The unique combination of geophysical attributes of slope, altitude and climate play a defining role in shaping a mountain range’s cultural and biological features. The same characteristics that provide mountain communities with the challenges of poverty, inaccessibility, diversity, and fragility also constitute a nexus of common interests. An extraordinary commonality among mountain communities transcends the South-North divide. Mountain peoples from Switzerland to Nepal to Bolivia list among their highest priorities the maintenance of their cultural integrity, higher value added for the products produced in mountain areas for lowland consumption, and regulation of the influx of commercial entrepreneurs and tourists in places considered to be the home or sacred sites of mountain peoples.
Although generalizations are fraught with risk, they are often an essential starting point in any useful analysis. In general, the unique characteristics of mountain peoples and ecosystems include economic and legal marginalization, isolation, transboundary location, diversity of livelihood strategies, cultural diversity, and environmental sensitivity and diversity.
Mountain communities from the North American Appalachians to the highlands of southwestern China share a high incidence of poverty. People who live in mountainous regions often have lower food intake and productive capacities. This is due to, among other things, low soil fertility, shorter vegetation periods, smaller plots of arable land size, climatic vagaries, and higher caloric requirements related to lower oxygen content in the air.
Of course, not all mountain peoples are poor. There are a growing number of affluent individuals and communities in some mountain areas, especially in western Europe and in the North American Rocky Mountains. But most mountain peoples subsist on the edge of survival, struggling day to day to meet basic human needs for food and fuel. The number of counties listed as poor under China’s national poverty elimination program are in mountainous areas. Parts of the Tibetan Plateau, Peru and Bolivia experience chronic food deficits due to an inability of highland communities to produce enough grain and other crops.
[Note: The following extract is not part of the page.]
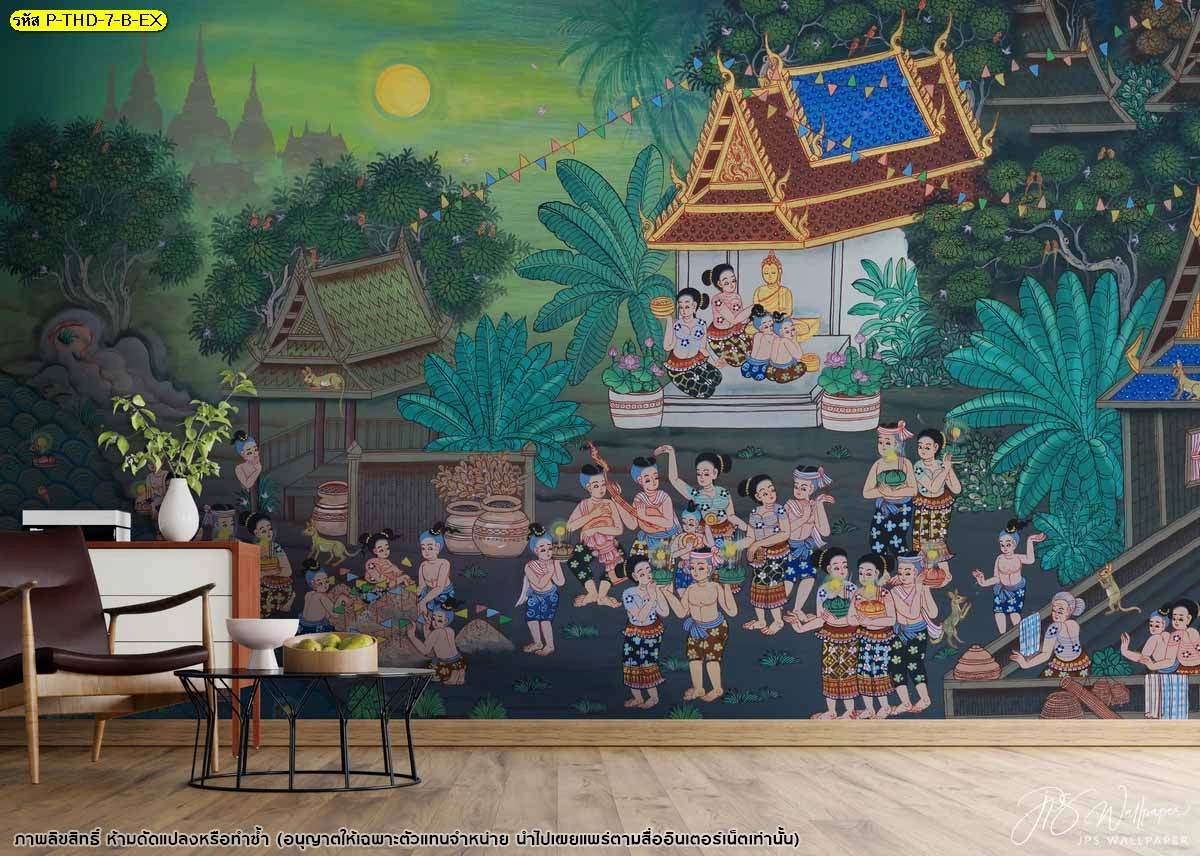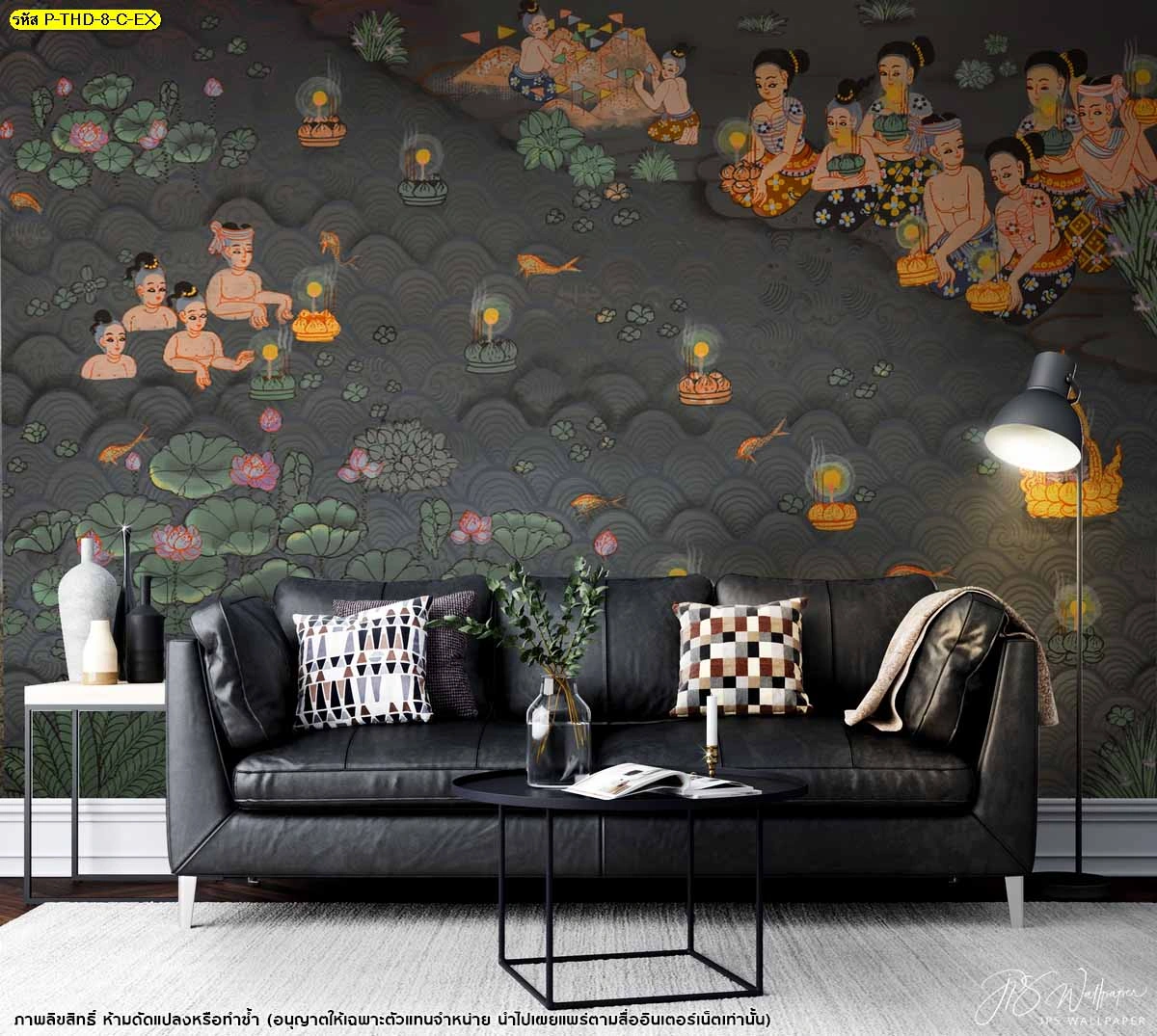 วอลเปเปอร์สั่งพิมพ์ลายประเพณีลอยกระทง เนรมิตผนังให้เป็นผลงานชิ้นเอก

The reasons for economic impoverishment of mountain communities are complex and varied. Among them is the tendency of national governments to accord lower priority to the economic and development interests of mountain communities, despite their greater need. Mountain areas are usually considered to be peripheral and less productive than other areas of the national territory. Yet at the same time, national governments bestow legal favours on outside business and political interests that covet mountain resources, such as water and minerals, but have little or no interest in the well-being of mountain peoples and ecosystems. Although local employment opportunities are sometimes generated by outside interests, economic patterns in mountain areas are largely characterized by net outflows of timber, minerals, water, and other resources with marginal beneficial return flows. This one-way extractive pattern is typical in mountain areas designated by national law as publicly owned resources, especially when governments unilaterally grant legal concessions to outside interests to extract resources.
Distinguished Policy tends to be general, aspirational and normative in nature. Unlike law, policy is generally non-binding and legally unenforceable. Policy statements, however, can lay the foundations for the articulation and further elaboration of norms, which may eventually crystallize into legal rules and principles. In contrast with policy, law generally embodies more specific standards that are legally binding upon the parties concerned. The breach of a policy is followed at most by moral reprimand or peer pressure. Sanctions or other enforceable measures can — at least theoretically — remedy violation of a law.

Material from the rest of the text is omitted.